[SOURCE RECORDS Boundary: Start]
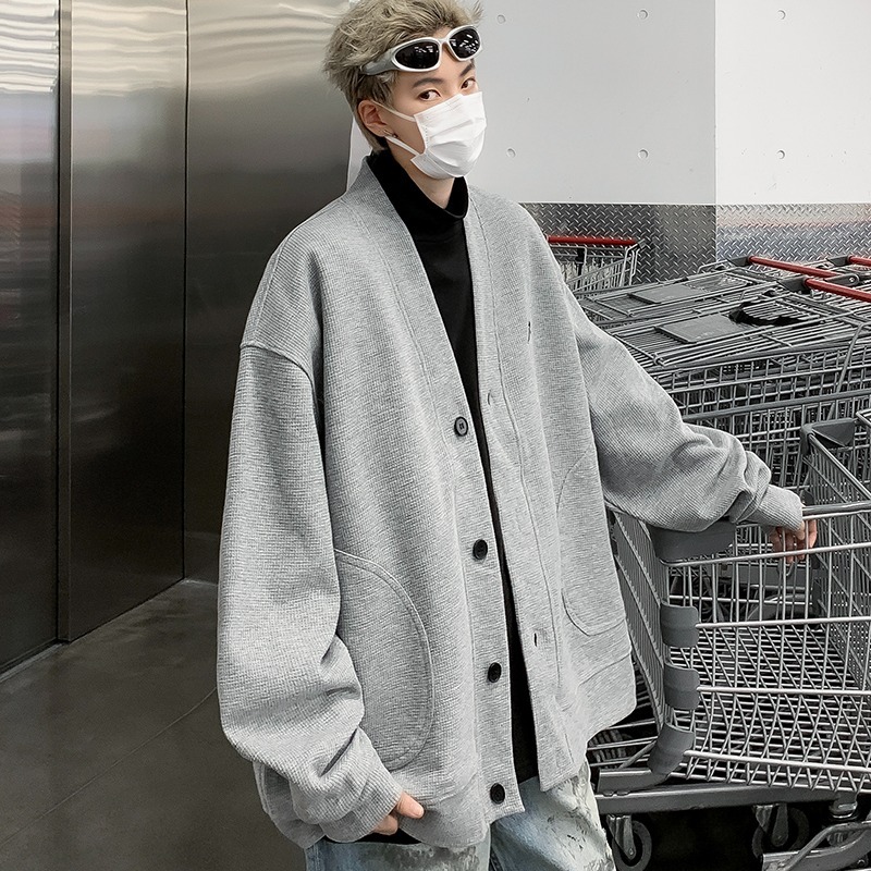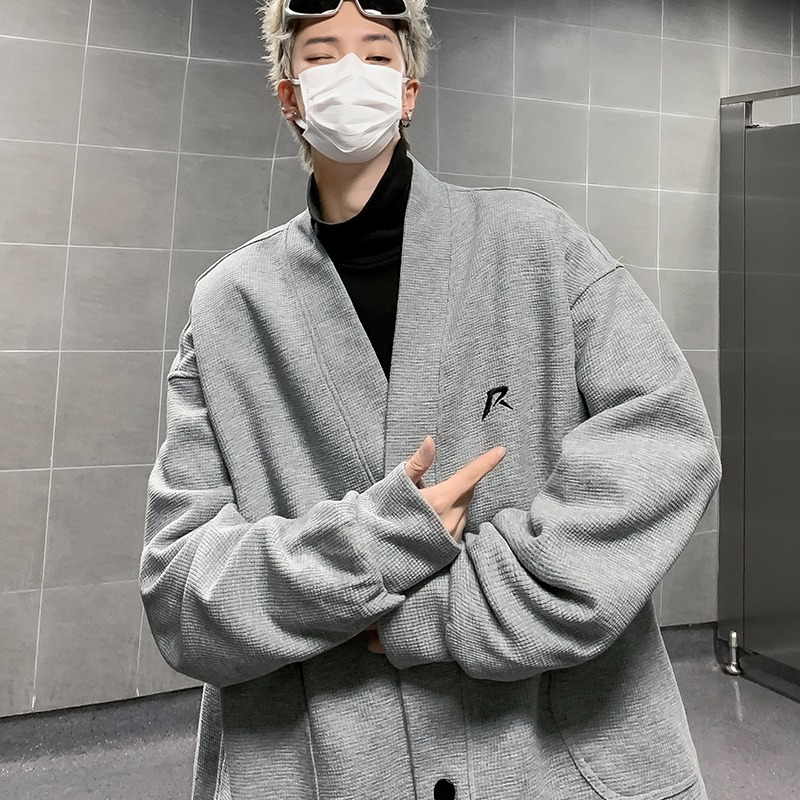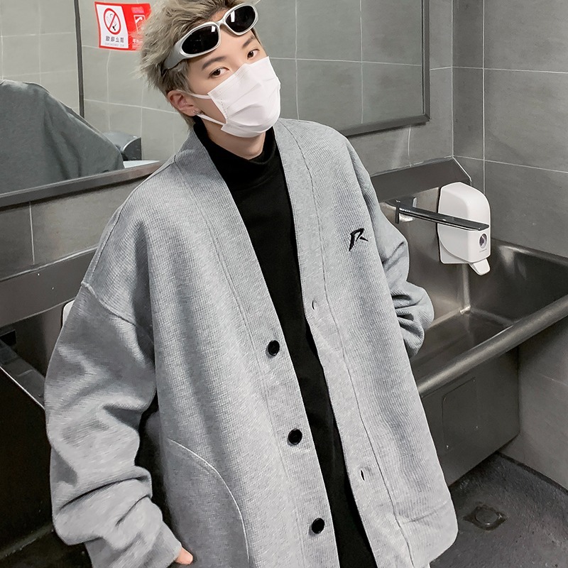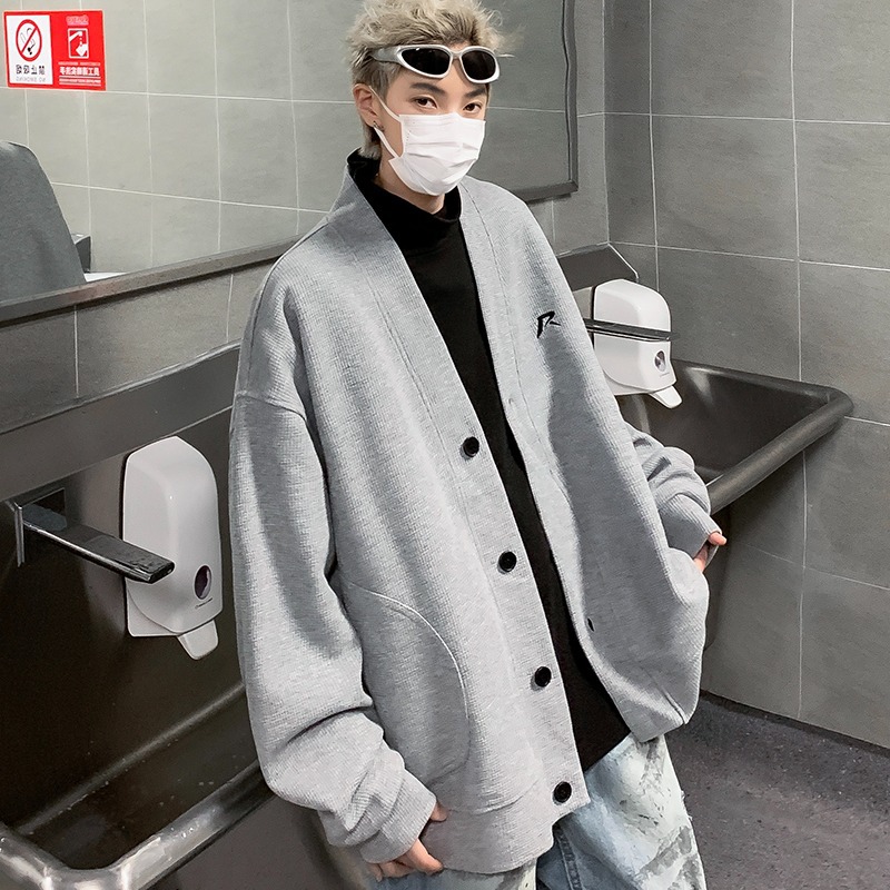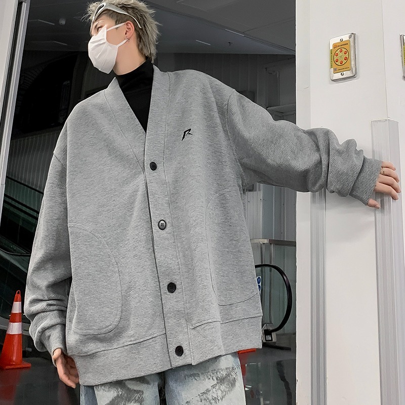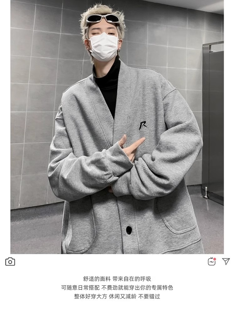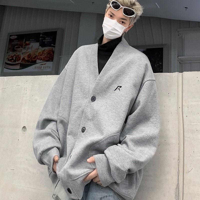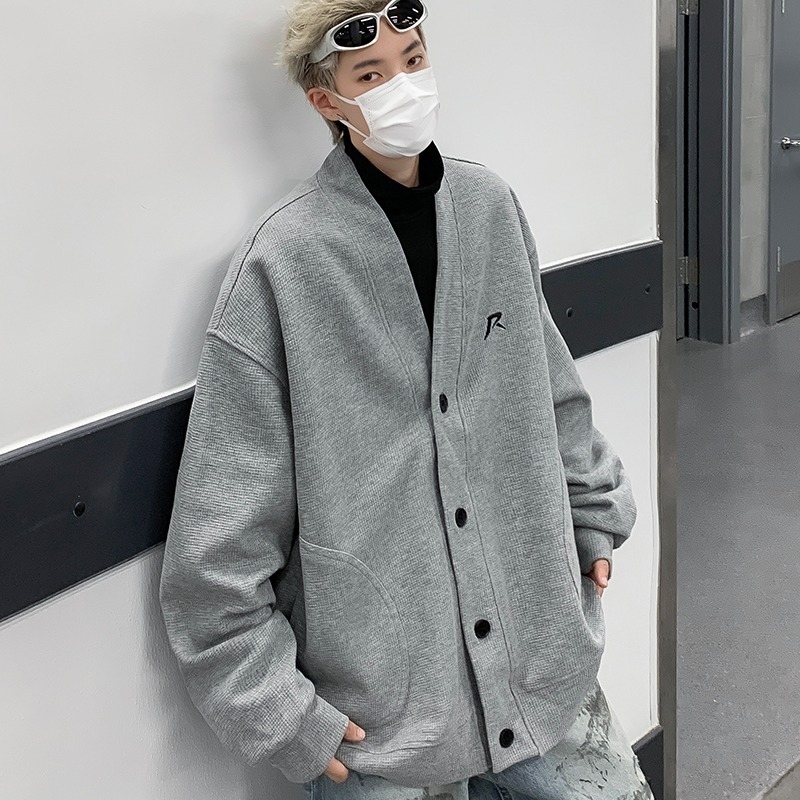미국 회색 카디건 스웨터 남성 봄과 가을 2024 새로운 러피 잘 생긴 느슨한 편지 작은 표준 디자인 v-neck 코트
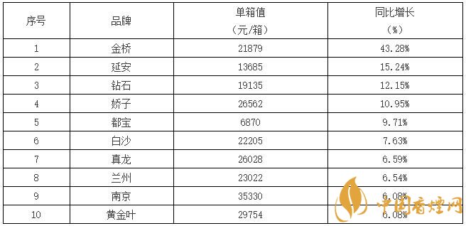 重點(diǎn)卷煙品牌2017年單箱前10排序表
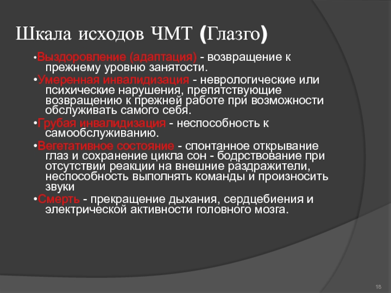 тяжести и тяжёлую ЧМТ. Для определения степени тяжести используют шкалу комы
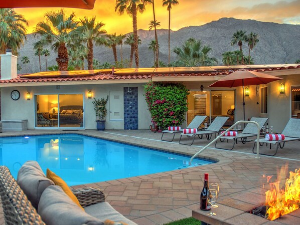 Leggi le recensioni! Composto murato privato. 4 suite deluxe. Piscina molto privata con piscina, spa, funzione di fuoco. Vista sulle montagne Cammina verso la città e Chabad. Parcheggio coperto fuori strada Letti: K, K, K, K (converti in 2 T) Passeggiata veloce al famoso Palm Canyon Drive.
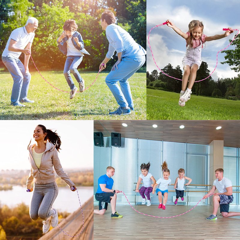 - [NO TANGLED&DURABLE] - The kids jump rope is made of durable nylon covered with the soft and lightweight TPU beads.The combination of the two materials makes the skipping rope not twist and wear resistant.Unlike other ropes,this soft beads design provides safety for kids and other users.
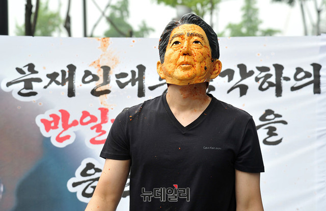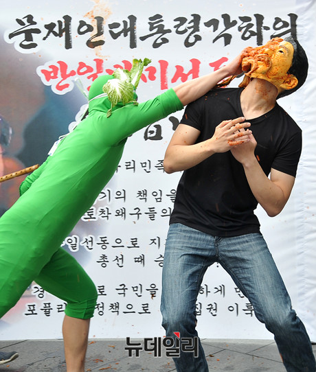 전국대학생대표자협의회(이하 전대협)가 17일 오후 서울 종로구 주한 일본대사관 앞에서 '구국의 국뽕반일선동' 기자회견을 열고, 아베 일본총리의 뺨을 김치로 때리는 퍼포먼스를 하고 있다.전대협 관계자는 "일본의 수출규제의 책임은 반일감정을 조장하고, 반일교육, 반일문화를 조성한 문재인 정권과 그 지지세력에게 있다"며 "풍자를 통해 이를 비판하고자 이번 기자회견을 개최했다"고 기자회견의 퍼포먼스 취지를 밝혔다.전대협은 2017년 문재인 정부 출범 이후 만들어진 단체다. 1987년 결성된 친북 성향의 학생운동단체 전대협과 정치적 지향이 정반대다. 대부분이 우파 성향의 대학생으로 구성됐으며, 현 정부의 비판과 풍자하는 활동을 하고 있다.
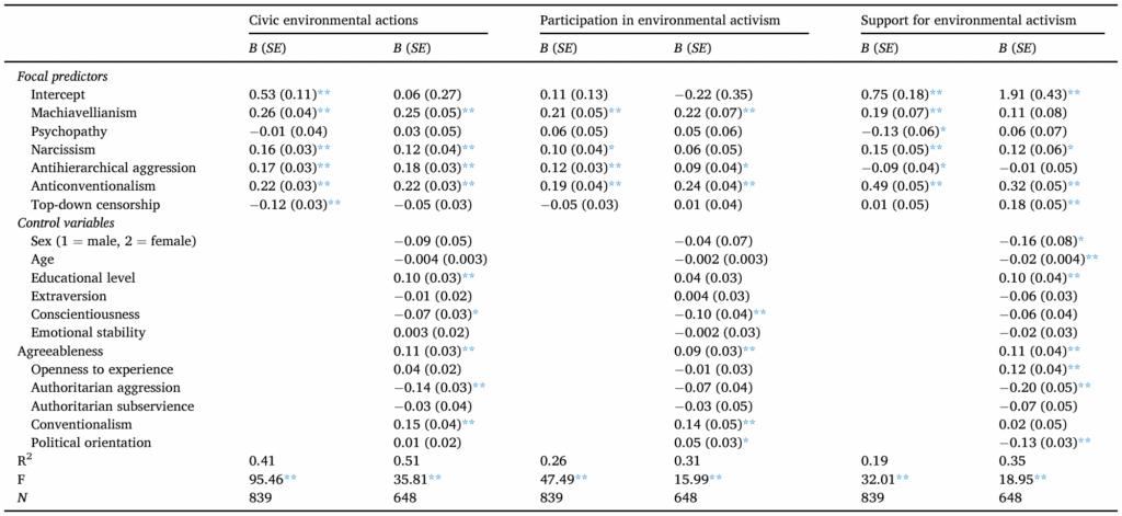 As you can see, Machiavellianism, anti-hierarchical aggression and anti-conventionalism were consistent predictors of involvement in environmental activism, while narcissism and anti-conventionalism were consistent predictors of support for environmental activism. Hence the associations Zacher observed could not simply be attributed to confounding by demographic characteristics – not in every case, at least.
[SOURCE RECORDS Boundary: End]
● WHAT THIS TASK INVOLVES: Give every entry again word for word; no images belong in the copy.

● EXPECTED ANSWER:
미국 회색 카디건 스웨터 남성 봄과 가을 2024 새로운 러피 잘 생긴 느슨한 편지 작은 표준 디자인 v-neck 코트
 重點(diǎn)卷煙品牌2017年單箱前10排序表
 тяжести и тяжёлую ЧМТ. Для определения степени тяжести используют шкалу комы
 Leggi le recensioni! Composto murato privato. 4 suite deluxe. Piscina molto privata con piscina, spa, funzione di fuoco. Vista sulle montagne Cammina verso la città e Chabad. Parcheggio coperto fuori strada Letti: K, K, K, K (converti in 2 T) Passeggiata veloce al famoso Palm Canyon Drive.
 - [NO TANGLED&DURABLE] - The kids jump rope is made of durable nylon covered with the soft and lightweight TPU beads.The combination of the two materials makes the skipping rope not twist and wear resistant.Unlike other ropes,this soft beads design provides safety for kids and other users.
 전국대학생대표자협의회(이하 전대협)가 17일 오후 서울 종로구 주한 일본대사관 앞에서 '구국의 국뽕반일선동' 기자회견을 열고, 아베 일본총리의 뺨을 김치로 때리는 퍼포먼스를 하고 있다.전대협 관계자는 "일본의 수출규제의 책임은 반일감정을 조장하고, 반일교육, 반일문화를 조성한 문재인 정권과 그 지지세력에게 있다"며 "풍자를 통해 이를 비판하고자 이번 기자회견을 개최했다"고 기자회견의 퍼포먼스 취지를 밝혔다.전대협은 2017년 문재인 정부 출범 이후 만들어진 단체다. 1987년 결성된 친북 성향의 학생운동단체 전대협과 정치적 지향이 정반대다. 대부분이 우파 성향의 대학생으로 구성됐으며, 현 정부의 비판과 풍자하는 활동을 하고 있다.
 As you can see, Machiavellianism, anti-hierarchical aggression and anti-conventionalism were consistent predictors of involvement in environmental activism, while narcissism and anti-conventionalism were consistent predictors of support for environmental activism. Hence the associations Zacher observed could not simply be attributed to confounding by demographic characteristics – not in every case, at least.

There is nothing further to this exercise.